MPRA results include a certain level of false positives and false negatives because of technical problems including synthesis, sequencing, and enhancer-barcode association errors. It is thus important to carry out multiple replicate experiments, include positive and negative control sequences in MPRA libraries, and compare the level of reporter gene expression to that of controls. Once such example is the use of scrambled controls as done by White et al who compared the activity of 1,298 enhancer candidates to 3,035 scrambled DNA controls [29]. The scrambled DNA sequences produced distinct levels of reporter expressions that can overlap with the activity of many functional sequences. From this they concluded that enhancer function couldn’t be assessed solely by applying a threshold level of activity [29]. In addition, to further confirm MPRA results, individual validation of a few selected enhancers should also be carried out. Patwardhan et al for example, tested six enhancer variants chosen from their MPRA result for their activities individually in the mouse liver and showed high correlation of the individual data and MPRA [26]. An alternative method to MPRA is STARR-seq, in which candidate enhancer sequences are subcloned 3’ to a reporter gene, and if functional enhancers activate the transcription of themselves, thus DNA synthesis and enhancer-barcode association is not required (Fig. 1). However, because each enhancer induces only one readout (the enhancer itself), unlike other MPRAs that use multiple barcodes per enhancer, STARR-seq does not provide high multiplicity of enhancer activity if coverage is low for a specific sequence and can be biased by enhancer RNA stability.

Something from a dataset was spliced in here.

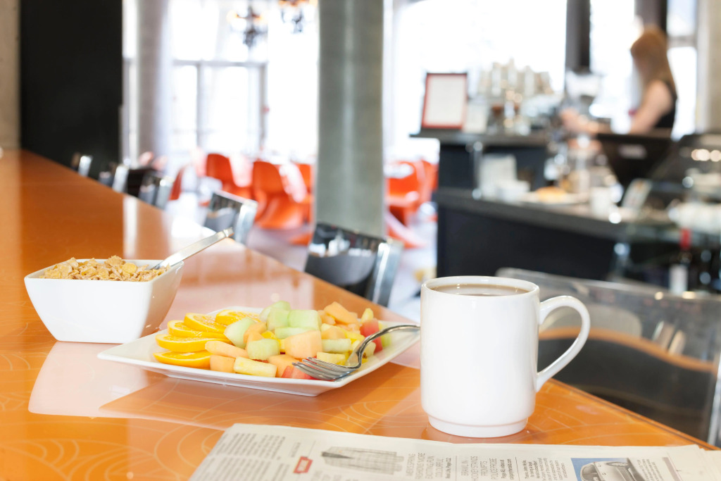 Утром гости отеля могут подкрепиться в ресторане отеля, где им предложат бесплатный континентальный завтрак. В течение дня работает кафе с освежающими напитками и разнообразными закусками. При необходимости опытный персонал отеля окажет помощь в организации банкетов.

Most of the MPRAs are carried out in an episomal manner and thus may not acquire chromatin marks or be influenced by other intrinsic factors. The development of MPRA methods that allow for genomic integration such as lentivirus libraries or embryonic stem cell (ESC) recombination, which were previously employed in similar MPRA studies, such as FIREWACh [34] or SIF-seq [35] (Fig. 1), can allow for enhancer assays in a chromosomal context. TRIP, a high-throughput enhancer trap technology, allows enhancer analysis in genomic context [33]. However, these studies could not provide specific quantitative measurements.

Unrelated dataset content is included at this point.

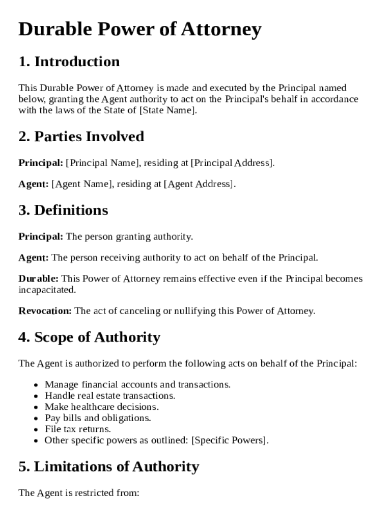 Begin by clearly identifying yourself and your chosen agent, then outline areas of authority you wish to grant.

Since enhancers tend to be tissue-specific, it is important to try and carry out MPRA for these sequences in a homogenous cell population, if possible. Applying sorting technologies, such as FACS, microfluidics, and Transcribed Ribosome Affinity Purification followed by sequencing (TRAP-seq) [41], can allow MPRA to be utilized in heterogenic cell populations or complex tissues. Also, although Patwardhan et al successfully used hydrodynamic tail vein injection to introduce an MPRA library into the mouse liver [26], this technique cannot deliver these libraries into other tissues at ample concentrations that could allow MPRA measurements.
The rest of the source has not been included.